Day 96

family

Lately I have been reversing my idea of how I fit in the world. Instead of being the one call to Love the Enemy, I am the Enemy who needs to be Loved into a real and vital community. Instead of being the Mother, I am the one who needs mothering. Instead of being the one that needs to include all of nature—plants, animals, the elements—into my family, I am included by nature as one of hers. This last one is the most profound for me. It makes me feel most beloved, most validated and most integral to life.

A lot is said about the way we treat each other, and we often look to other humans we see as wiser, kinder, more loving, to teach us how to treat each other well. More and more though, I am looking outside my window. I am astounded by the generosity and kindness of this planet, that knows how to do its thing in such a way that countless members of a family are supported, loved, birthed, grown and buried. I could spend the rest of my life learning to love and nurture and support life, simply by watching things grow, die and grow again. Not only does this inspire me to care more deeply and meaningfully for the life that is not-human, but it elevates every breath I take because I understand that with that breath, I am being given life and have a place in a thriving family of living things.

A plot of land can certainly become part of a family, if that family works with it, performs sacred rituals such as marriage and burial on it, and if they love it. Amazingly, despite the fact that our very life is sustained by land that supports us by giving us dirt to grow food and raise animals on, we tend to think of the land as “ours.” Our little bit of work, our habitation, our money, makes us believe that the land can be rightfully and meaningfully owned. So much land has been appropriated through acts of terror and evil. Even today, in this country we completely lack any true understanding of the cost of the little plot our house sits on. Yet, we are permitted to keep breathing, and taking; because the Earth does her work regardless of the human cost, the way we treat her, whether or not we “get it.”

She is a true mother and has so many mouths to feed, that even though we are the spoiled difficult children who ought to be deprived in order that we might learn our lesson, she keeps giving to us, as if there is no end to her generosity and commitment to all life. And perhaps, perhaps she is so busy being a good Mother, that she just simply doesn’t have the energy to discipline us as well as give us every means of survival. Perhaps she is like the best mothers among us, who know that life and death itself will teach the hardest lessons. Perhaps she knows that she cannot force us to love her, only wait, her every exhale a prayer that ebbs from a deep awareness that we can never be separated from her, no matter how deluded we become.

It is our lack of imagination and our need to centralize ourselves that causes us to think that all living things but us are “just” existing, and that “just” existing does not include the most important aspects of existing, such as love. What is love if not the tree taking in my exhale and returning it to me in such a way that I might continue to breathe?
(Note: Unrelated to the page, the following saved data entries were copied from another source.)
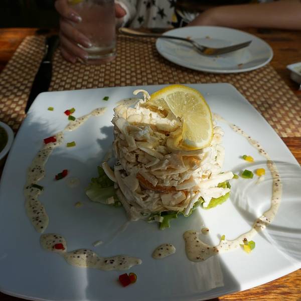 特色就是百万富翁沙拉,是棕榈树心,脆脆的,很好吃,有点像核桃的味道,物以稀为贵嘛~可惜下雨了
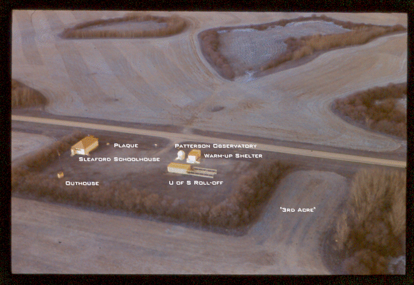 The Sleaford Observatory, taken from the air on November 4, 2001 (after the leaves have fallen off the trees in the windbreak). The view is looking toward the NNW. The Warm-up Shelter and Patterson Observatory were moved from the Saskatoon Centre's old Rystrom Observatory. The Warm-up shelter has since been expanded and now includes a heated composting toilet. The University of Saskatchwan 4-telescope Roll-off Observatory is 21.3m (70 ft) long from the west end to the end of the roof support beams. The site is 3 acres in area with all of the land enclosed by the wind break and includes the "3rd Acre", which is currently not developed. Photo by Rick Huziak. Directions to the Sleaford site are available on this map. |
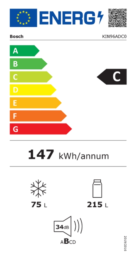 Хладилник, Bosch KIN96ADC0 SER6, BI fridge-freezer XL, NoFrost freezer, C, 193,5cm, 290l(215+75), 34dB(B), IC, VitaFresh XXL 0°, EcoAirflow, bottle shelf, Door Open Alarm, SoftClose flat hinge
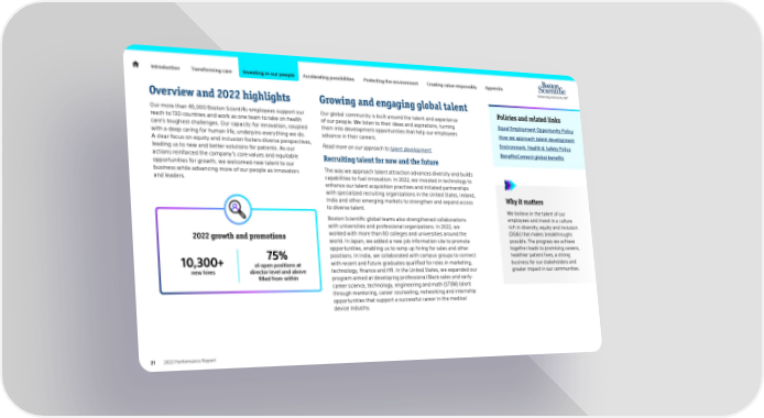 Introduction Transforming care Investing in our people Accelerating possibilities Protecting the environment Creating value responsibly Appendix Overview and 2022 highlights Growing and engaging global talent Our more than 45,000 Boston Scientific employees support our Our global community is built around the talent and experience Policies and related links reach to 130 countries and work as one team to take on health of our people. We listen to their ideas and aspirations, turning Equal Employment Opportunity Policy care’s toughest challenges. Our capacity for innovation, coupled them into development opportunities that help our employees How we approach talent development with a deep caring for human life, underpins everything we do. advance in their careers. Environment, Health & Safety Policy A clear focus on equity and inclusion fosters diverse perspectives, Read more on our approach to talent development. leading us to new and better solutions for patients. As our BenefitsConnect global benefits actions reinforced the company’s core values and equitable Recruiting talent for now and the future opportunities for growth, we welcomed new talent to our business while advancing more of our people as innovators The way we approach talent attraction advances diversity and builds and leaders. capabilities to fuel innovation. In 2022, we invested in technology to enhance our talent acquisition practices and initiated partnerships with specialized recruiting organizations in the United States, Ireland, Why it matters India and other emerging markets to strengthen and expand access to diverse talent. We believe in the talent of our Boston Scientific global teams also strengthened collaborations employees and invest in a culture with universities and professional organizations. In 2022, we rich in diversity, equity and inclusion 2022 growth and promotions worked with more than 80 colleges and universities around the (DE&I) that makes breakthroughs world. In Japan, we added a new job information site to promote possible. The progress we achieve opportunities, enabling us to ramp up hiring for sales and other together leads to promising careers, 75% positions. In India, we collaborated with campus groups to connect healthier patient lives, a strong 10,300+ of open positions at with recent and future graduates qualified for roles in marketing, business for our stakeholders and new hires director level and above technology, finance and HR. In the United States, we expanded our greater impact in our communities. filled from within program aimed at developing professional Black sales and early- career science, technology, engineering and math (STEM) talent through mentoring, career counseling, networking and internship opportunities that support a successful career in the medical device industry. 21 2022 Performance Report
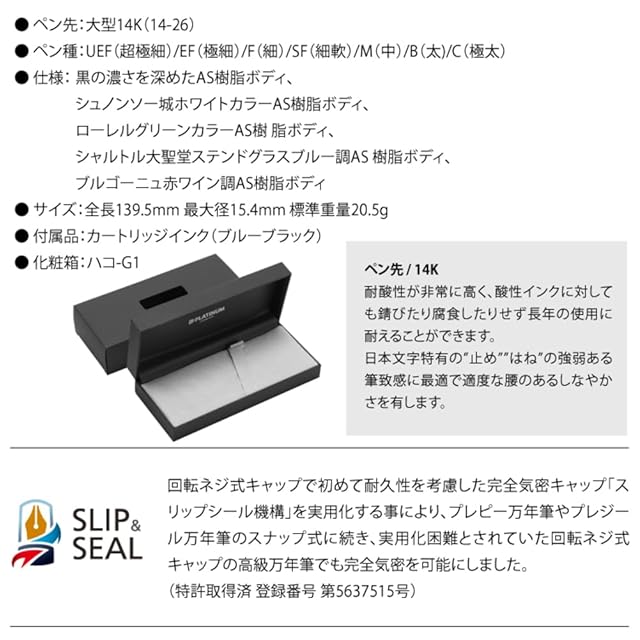 プラチナ万年筆 万年筆 #3776 センチュリー PNB-15000#2 シュノンソーホワイト 中字 M インクカートリッジ付 4点セット

What is love if not a desert flower? What is family, if not an incomprehensible, interconnected, glorious effort to sustain one another?
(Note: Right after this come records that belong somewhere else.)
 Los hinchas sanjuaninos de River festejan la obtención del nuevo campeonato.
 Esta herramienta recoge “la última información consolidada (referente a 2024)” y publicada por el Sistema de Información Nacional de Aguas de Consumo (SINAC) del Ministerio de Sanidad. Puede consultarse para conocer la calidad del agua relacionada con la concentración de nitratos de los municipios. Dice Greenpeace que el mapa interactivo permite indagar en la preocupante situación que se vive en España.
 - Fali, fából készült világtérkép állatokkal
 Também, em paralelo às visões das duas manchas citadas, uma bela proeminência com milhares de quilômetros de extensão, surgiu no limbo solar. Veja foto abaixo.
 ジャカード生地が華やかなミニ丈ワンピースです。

As I come to the end of this project, I feel this strengthening rhythm in my body. Writing has given me the opportunity, not to create new things, to say important things, or to cultivate a way of making money. No, it is just the opportunity to begin to understand my place in a family. This family includes all living things…everything. From the steps of my porch, I listen to the birds in my family sing, I smile. They are the true and best artists in our family. “Just” existing, that little red-breasted robin gives voice to our joy. She is my little sister, and I hear her song.